Error conditions come in two flavors:
An error condition, or fault, that is detected by the CPU is called a "Processor Exception."
An error condition that is detected by NetWare is called a "Software Exception."
The NetWare fault handler (function) is declared as a public function by the operating system so it can be used by any operating system module or Novell NLM. (See "Abend Recovery Techniques for NetWare Servers," Novell Application Notes , June 1995.)
The primary reason for Abends in NetWare is to ensure the stability and integrity of the internal operating system data. For example, if the operating system detected invalid pointers to cache buffers and yet continued to run, data would soon become unusable or corrupted. Thus an Abend is NetWare's way of protecting itself and users against the unpredictable effects of data corruption. (For more information on this issue, see "Resolving Critical Server Issues," Novell Application Notes , Feb. 1995.)
In this discussion, the term Abend will be used in its most generic sense, meaning any Software or Processor Exception, or case where the server hangsor locks.
Note: Be aware that an NMI Parity error (Abend: Non-Maskable Interrupt) is a hardware error.
Troubleshooting an Abend: The Preliminary Steps
Any time you experience a server Abend (or almost any other server problem), consider the following maintenance steps before you do anything else. Experience has shown that a high percentage of Abends are corrected by applying current versions of the Operating System (OS) patches, and by updating LAN and disk drivers.
Novell Technical Support (NTS) strongly recommends that, regardless of the problem you are experiencing, you should apply the current patches and update drivers. See the Minimum Patch List at http://support.novell.com/misc/patlst.htm .
After this is done, consider the other items on the list that follows. The list is in no particular order.
Load all the current patches that are available for your version of NetWare. The patches are written to resolve known issues. If you are using a version of NetWare prior to 4.11, the patch download file will be called <OS version>PT<file revision number or letter>.EXE for the "PT" set, and <OS version>IT<file revision>.EXE for the "IT" set (IE: 410pt3.exe & 410it6.exe). Load both the "PT" patches and the "IT" patches. (See the Minimum Patch List for a detailed explanation of the patches.)
If you are using NetWare 4.11, or NetWare 4.2, all patches and updates are in the support pack, NW4SP<file revision number>.EXE. There are no "PT" or "IT" files for NetWare 4.11. If you are using NetWare 5, the patch name will be NW5SP<file revision number>.EXE.
Update Drivers. Each manufacturer of LAN and disk cards must develop their own drivers. The only way to assure that you have the latest version of these drivers is to download them from the respective vendor. Even new hardware does not usually ship with the most current drivers. Be certain that drivers are the newest available from the respective vendor.
Look for NLMs (NetWare Loadable Modules) that may be outdated. Remember, every time Novell updates a file, it is to make it more robust and usable. Commonly updated NetWare NLMs are compressed into self-extracting download files. Get a list of the current revision of files and patches from the file Minimum Patch List. Also, don't forget to check with third-party vendors to update their NLMs as well.
Run a virus scan on the server's DOS partition to make sure there are no viruses.
Clean and re-seat the cards and cables ( always use precautions against static electricity).
Double check termination and SCSI IDs and so on.
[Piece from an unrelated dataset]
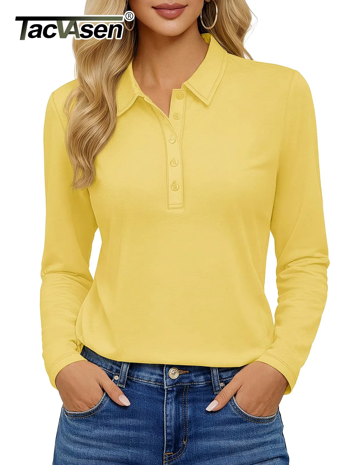 TACVASEN Women’s Long Sleeve 5-Button Polo Shirts V-Neck Collared Tops Cotton Blend Casual Work Golf T-Shirts with Side Split

Check fans for proper operation.
Use an anti-static air can to blow dust off of the system board and other cards and components.
Troubleshooting an Abend: Data Collection
If done properly, this step can be the most valuable toward identifying your problem. The most common shortcoming when performing data collection is not looking far enough beyond the immediate symptoms.
This following is a partial list of things to look for and questions to ask yourself. Don't feel embarrassed to raise a question that seems completely unrelated. Sometimes it is unrelated, but often times it helps to get a more complete picture of the problem.
The questions and suggestions that follow should help you gain a higher level view of the problem. Sometimes your data collection will reveal more than one potential problem and you'll have to perform "computer triage." However, without a complete picture, you could waste your time troubleshooting in a meaningless direction.
Use this list to get you thinking about the kinds of things that could be happening on your server/network to cause problems. These are in no particular order.
Keep a record of the Abend messages and watch for trends. Abend messages that are consistent sometimes indicate that software is at fault, while messages that are not consistent may indicate a hardware failure. There is no hard or fast rule here--you want the data to point you in some troubleshooting direction.
Look through the system error log (sys:system\ sys$log.err) for clues that haven't surfaced anywhere else. For example, an error on a certain node just before the Abend, or an error on a certain file, a print queue, volume dismounts, etc.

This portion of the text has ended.